Евреи жили и процветали в Польше в течение столетий, около тысячи лет, если не дольше. Но почти все наши воспоминания об идишском мире относятся к последнему столетию, а известные нам образы связаны с его последними мгновениями. Идишский литературный ренессанс конца XIX века отразил агонию упадка. Рассказы Менделе, Переца и Шолом-Алейхема описывают обедневший, нищий, угнетаемый народ – это даже не бледное отражение некогда процветавшей и сильной нации, в свое время поставлявшей врачей, дипломатов, финансистов и даже учителей музыки для дворов европейских королей. Фотографии Романа Вишняка были сделаны в то время, когда за исключением Чехословакии все страны Восточной Европы находились под властью авторитарных правых, если не открыто фашистских правительств, когда национал-социализм был уже на марше и стремительно объединялся с извечной местной ненавистью к евреям, когда идишская нация уже разрушалась.
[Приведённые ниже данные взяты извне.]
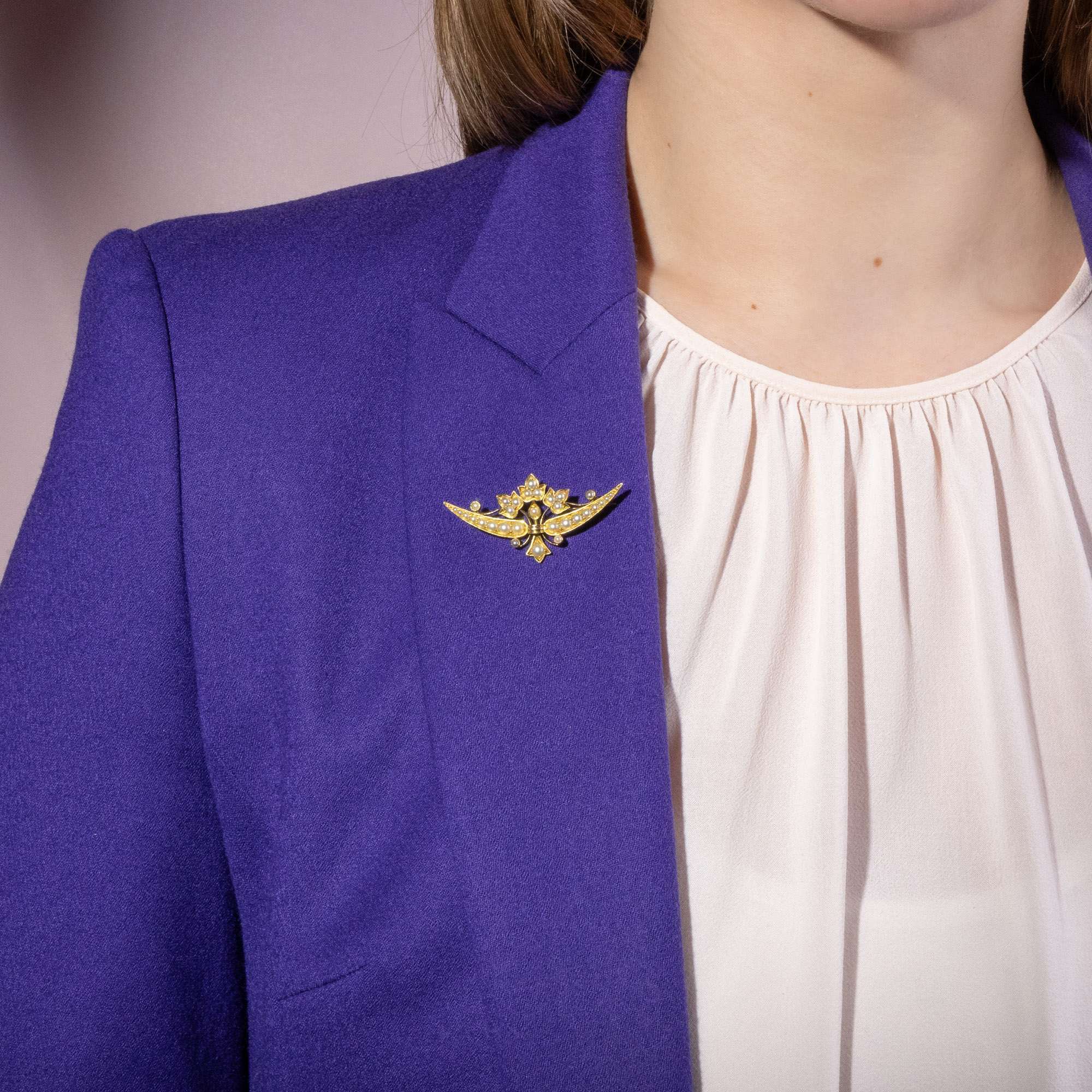 Antike Sichelmond-Brosche mit Naturperlen in Gold, London um 1899

Художественные достоинства его фотографий – в трогательной деликатности изображения последних вздохов умирающего мира.

Но идишская история должна быть большим, чем рассказ, пусть даже очень художественный, о ее трагических последних годах. Нельзя судить обо всей истории и культуре народа по тому, как он выглядел в конце, как нельзя говорить о жизни человека по его агонии в последней болезни. Славу Греции и величие Рима не умалят ни безумие братоубийственных войн, окончательно погубивших афинскую демократию, ни стагнация и коррупция, сопровождавшие последнее столетие упадка Рима. Почему тогда мы вспоминаем лишь последние десятилетия обращенного вспять, обнищавшего и ожесточившегося идишского мира?

Но где бы я ни расспрашивал о многовековой истории говоривших на идише евреев: в Польше, Литве, Белоруссии, на Украине, местные жители отвечали совсем как та учительница из Ракова, с сожалением пожимая плечами, что, в конце концов, история евреев не является частью истории этих народов. Они могли бы спокойно спросить, как тот музыкант у Генри Сапозника: «Что, у вашего народа нет собственной истории?»

Конечно, история у евреев есть. Она отражена в работах великих еврейских историков XIX и ХХ веков: Леопольда Йом-Това Липмана Цунца, Морица Штейншнейдера и Генриха Греца, Шимона Дубнова и Сало Барона, Сесиля Рота и Мартина Гилберта. Но неудивительно, что, может быть, за исключением сэра Мартина Гилберта, их книги не являются книгами для домашнего чтения, потому что большая часть их работ воспринимается как неизбывно депрессивная: это длинная сага о постоянных погромах, вводимых властями ограничительных законах, антиеврейских эдиктах Церкви, массовых убийствах, изгнаниях, пытках, сожжениях на кострах. Неужели в еврейской истории нет ничего, кроме этого?

В небольшой книге профессора средневековой истории Бернарда Бахраха «Евреи в варварской Европе», предназначенной для студентов младших курсов Университета Миннесоты, показано, что в течение двух тысяч лет страдания и преследования были доминирующими темами в описании еврейской истории. Автор называет это «теологией изгнания»:

…Те, кто описывал судьбу еврейского народа в Средние века и в начале современной эпохи, делали акцент на страданиях мучеников за веру. Они описывали ужасы и преувеличивали эпизоды погромов, насильственного крещения, экспроприаций и изгнаний. Эти трагические события стали каркасом для еврейского взгляда на историю Изгнания и служат свидетельством теологической интерпретации Изгнания как периода страданий и испытания для еврейского народа[10].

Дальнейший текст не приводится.